WHAT IS NEEDED: Pictures are to be dropped from the copy. Retype the listing exactly.
⟨
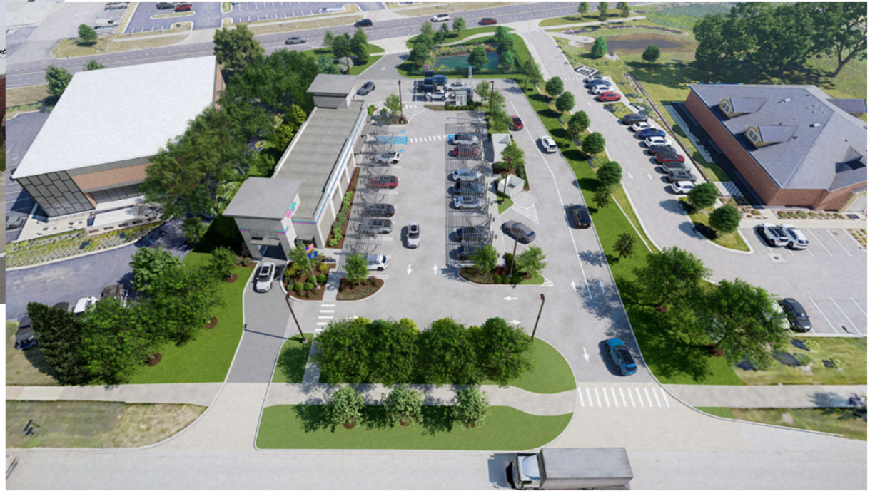
4 – El Car Wash, Grand River Ave & 12 Mile (Under Construction)
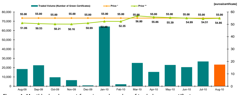
Figure 4: Monthly development for price and number of traded green certificates

*The price in Romanian currency was converted to euro using the average exchange rate for the last month of the previous year published by National Bank of Romania (BNR). This reference exchange rate respects the provisions of the Law 220/27.10.2008. For May 2009-February 2010, the value of the average exchange rate is equal to 3.9153 lei. Starting from March 2010 the value of the average exchange rate is equal to 4.2248 lei. ** The price in Romanian currency was converted to euro using the exchange rate published by National Bank of Romania (BNR) in the preceding day of the trading day.
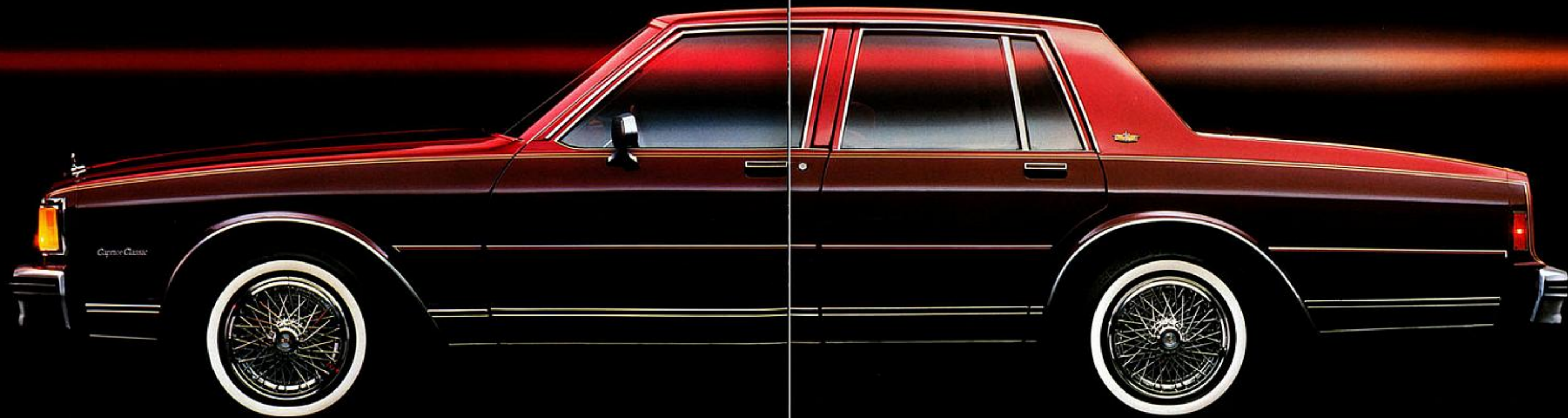
Caprice Classic Sedan.

isolation. Only then will you understand why Caprice was the only full-size car on Car and Driver magazine's list of "Ten Best Cars." Foreign or domestic (January 1983). You can spend more trying to find these virtues in other cars. But why should you?
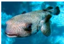
The Fugu - a libido stimulate for the Japanese?

For some reason – and I’m sure this hasn’t gone unnoticed by psychologists – many aphrodisiacs are derived from creatures that are inherently dangerous. The Japanese, for example, believe the flesh near the poisonous liver of the fugu, a deadly blowfish, stimulates the libido. The Chinese, and most cultures in Southeast Asia including the Thais – have a thing about poisonous snakes and some of the world’s dangerous, but endangered species.
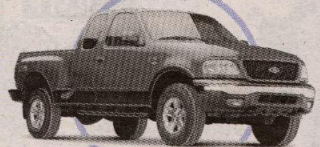
2002 Ford F-Series
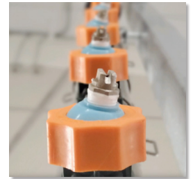
Embedded spray nozzles
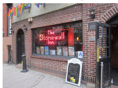
The Stonewall Inn in New York City is on the National Register of Historical Places

Stonewall Inn, the site of the infamous Stonewall Riots in June 1969, credited as the birthplace of the modern GLBTQ civil rights movement, was recently designated a Place of National Historical significance and made a National Landmark through the National Parks Services Heritage Initiative. The Initiative was designed to locate places of national historical significance for the underserved communities like African-American, Latin, GLBT and other minorities in an effort to represent the history of all Americans. The process began in June 2014 designed to take about 18
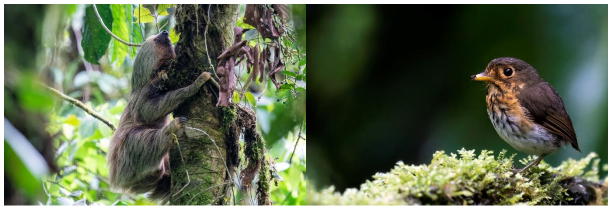
Linnaeus's Two-toed Sloth

The next couple of 100 meters were full of new species, including Spot-backed Antbird , Rufous-tailed Foliage-gleaner (which was observed multiple times that day) and the best ones: Grey-tailed Piha , Yellow-throated Spadebill (-0.6869, -77.5994) and Chestnut-crowned Gnateater (-0.6873, -77.5991). Along this first part is where Byron has observed Black Tinamou and Sapphire Quail-dove , but we failed to hear or see them.
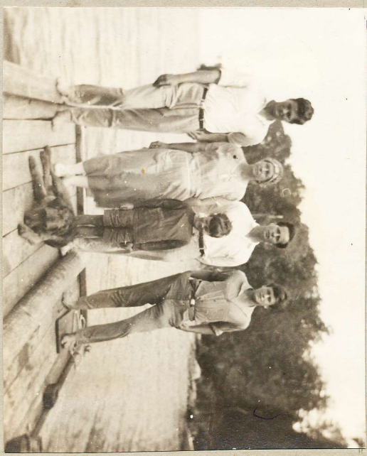
1925: THE DALE FAMILY
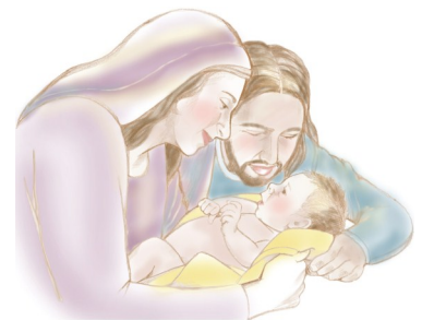
The Miracle of Christmas

First Presbyterian Church of Dutch Neck 154 South Mill Road Princeton Junction, NJ 08550
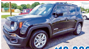
2015 Jeep Renegade Latitude
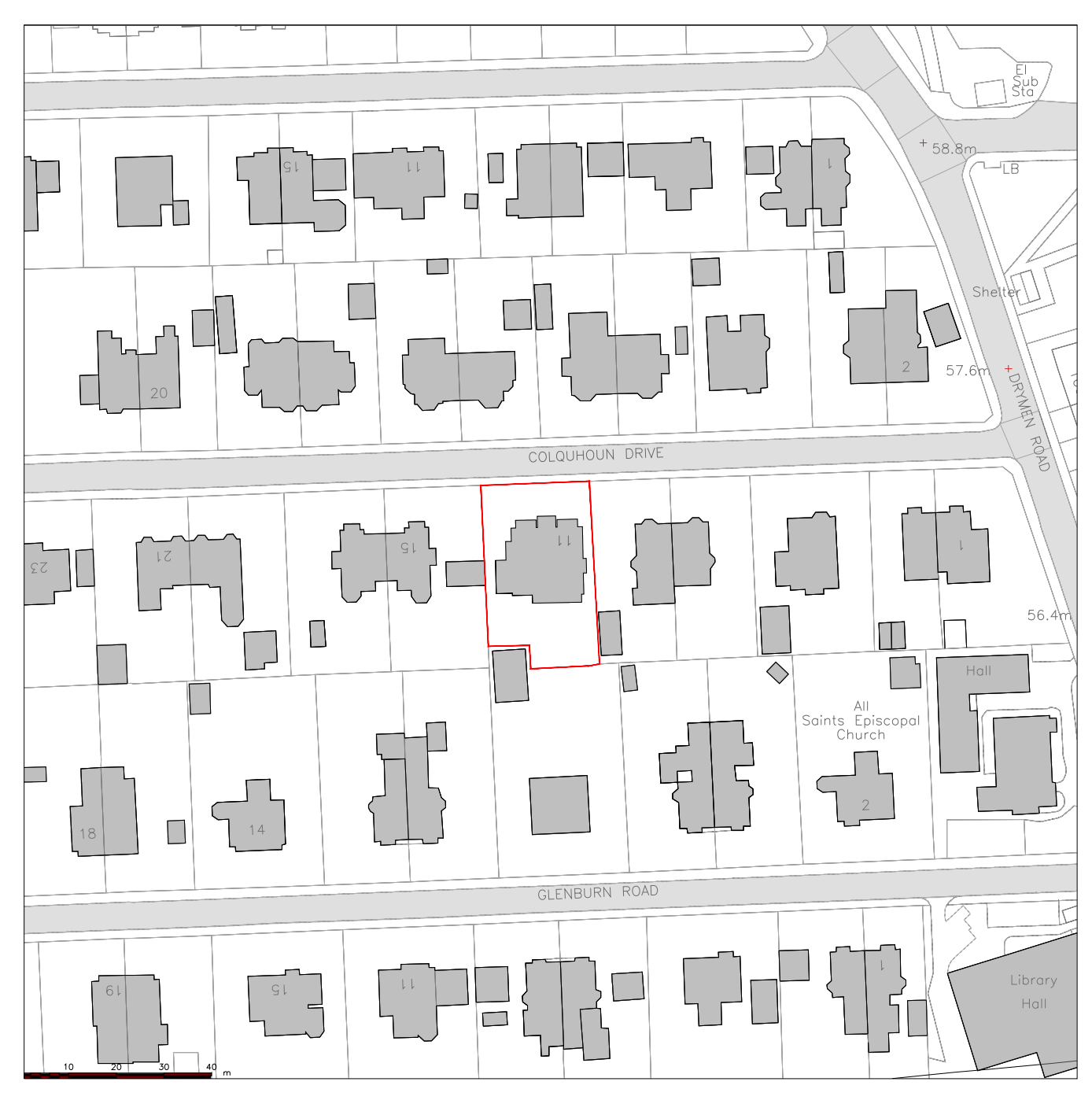
PROPOSED LOCATION PLAN
⟩
WRITTEN RESPONSE:
4 – El Car Wash, Grand River Ave & 12 Mile (Under Construction)
Figure 4: Monthly development for price and number of traded green certificates

*The price in Romanian currency was converted to euro using the average exchange rate for the last month of the previous year published by National Bank of Romania (BNR). This reference exchange rate respects the provisions of the Law 220/27.10.2008. For May 2009-February 2010, the value of the average exchange rate is equal to 3.9153 lei. Starting from March 2010 the value of the average exchange rate is equal to 4.2248 lei. ** The price in Romanian currency was converted to euro using the exchange rate published by National Bank of Romania (BNR) in the preceding day of the trading day.
Caprice Classic Sedan.

isolation. Only then will you understand why Caprice was the only full-size car on Car and Driver magazine's list of "Ten Best Cars." Foreign or domestic (January 1983). You can spend more trying to find these virtues in other cars. But why should you?
The Fugu - a libido stimulate for the Japanese?

For some reason – and I’m sure this hasn’t gone unnoticed by psychologists – many aphrodisiacs are derived from creatures that are inherently dangerous. The Japanese, for example, believe the flesh near the poisonous liver of the fugu, a deadly blowfish, stimulates the libido. The Chinese, and most cultures in Southeast Asia including the Thais – have a thing about poisonous snakes and some of the world’s dangerous, but endangered species.
2002 Ford F-Series
Embedded spray nozzles
The Stonewall Inn in New York City is on the National Register of Historical Places

Stonewall Inn, the site of the infamous Stonewall Riots in June 1969, credited as the birthplace of the modern GLBTQ civil rights movement, was recently designated a Place of National Historical significance and made a National Landmark through the National Parks Services Heritage Initiative. The Initiative was designed to locate places of national historical significance for the underserved communities like African-American, Latin, GLBT and other minorities in an effort to represent the history of all Americans. The process began in June 2014 designed to take about 18
Linnaeus's Two-toed Sloth

The next couple of 100 meters were full of new species, including Spot-backed Antbird , Rufous-tailed Foliage-gleaner (which was observed multiple times that day) and the best ones: Grey-tailed Piha , Yellow-throated Spadebill (-0.6869, -77.5994) and Chestnut-crowned Gnateater (-0.6873, -77.5991). Along this first part is where Byron has observed Black Tinamou and Sapphire Quail-dove , but we failed to hear or see them.
1925: THE DALE FAMILY
The Miracle of Christmas

First Presbyterian Church of Dutch Neck 154 South Mill Road Princeton Junction, NJ 08550
2015 Jeep Renegade Latitude
PROPOSED LOCATION PLAN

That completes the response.